White Hat Takes Control of Smart California License Plates with New Hack

Mere months after California legalized customizable, 5G-powered smart license plates, a hacker has found ways to take control of them and cause all sorts of mischief - in the name of science.

White hat hacker Sam Curry reveals in a blog post how he and his nerdy pals got full access to every account on the network of Reviver - the only company vetted by the state of California to sell the digital plates.

The battery-powered plates have 5G connectivity and allow users to customize the graphics and wording on the plates, including to report a stolen vehicle and display the sign STOLEN.

The device can also track a vehicle’s whereabouts to track mileage on zero-emission vehicles and apply for low-carbon fuel standard credits from the state.

While the invention sounds promising, the tables are turned when hackers apply their tricks to it.

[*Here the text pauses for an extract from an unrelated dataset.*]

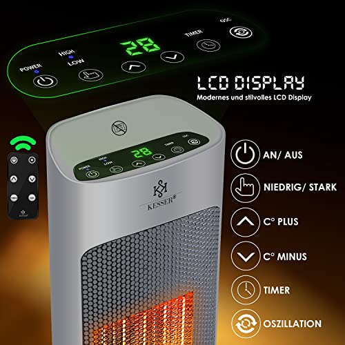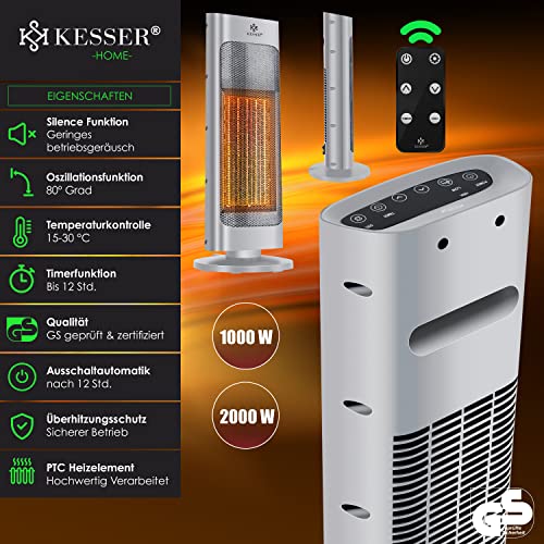 KESSER Ventilatorkachel met afstandsbediening, energiebesparend, stil, 2000 W, keramische warmtestraler, staande warmtestraler, 15 – 30 °C, snelverwarming met 80 graden oscillatiefunctie, 24-uurs timer, torenverwarming, grijs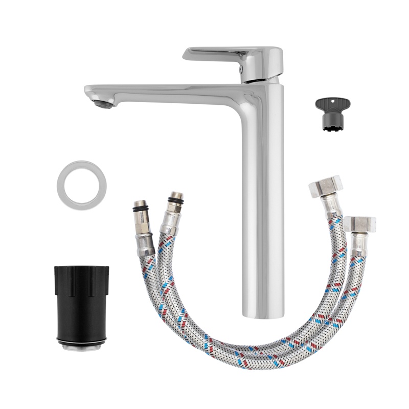 Комплектация: смеситель, гибкая подводка, комплект крепежа, ключ для снятия аэратора, паспорт изделия.

With remote access to the plates, Curry and his hacking crew were able to:

• Track the physical GPS location and manage the license plates for all Reviver customers (e.g. changing the slogan at the bottom of the license plate to arbitrary text)
  
• Change any vehicle status to “STOLEN,” which updates the license plate and informs authorities
  
• Access all user records, including which vehicles people owned, their physical address, phone number, and email address
  
• Access the fleet management functionality for any company, and locate and manage all vehicles in a fleet

Curry reached out to Reviver with his findings before publishing the research. The vendor quickly applied patches, telling Motherboard:

“Our investigation confirmed that this potential vulnerability has not been misused. Customer information has not been affected, and there is no evidence of ongoing risk related to this report. As part of our commitment to data security and privacy, we also used this opportunity to identify and implement additional safeguards to supplement our existing, significant protections.”

In light of this development, Reviver said cybersecurity remains a central aspect of its mission to modernize the driving experience, pledging to work with experts to better secure its products.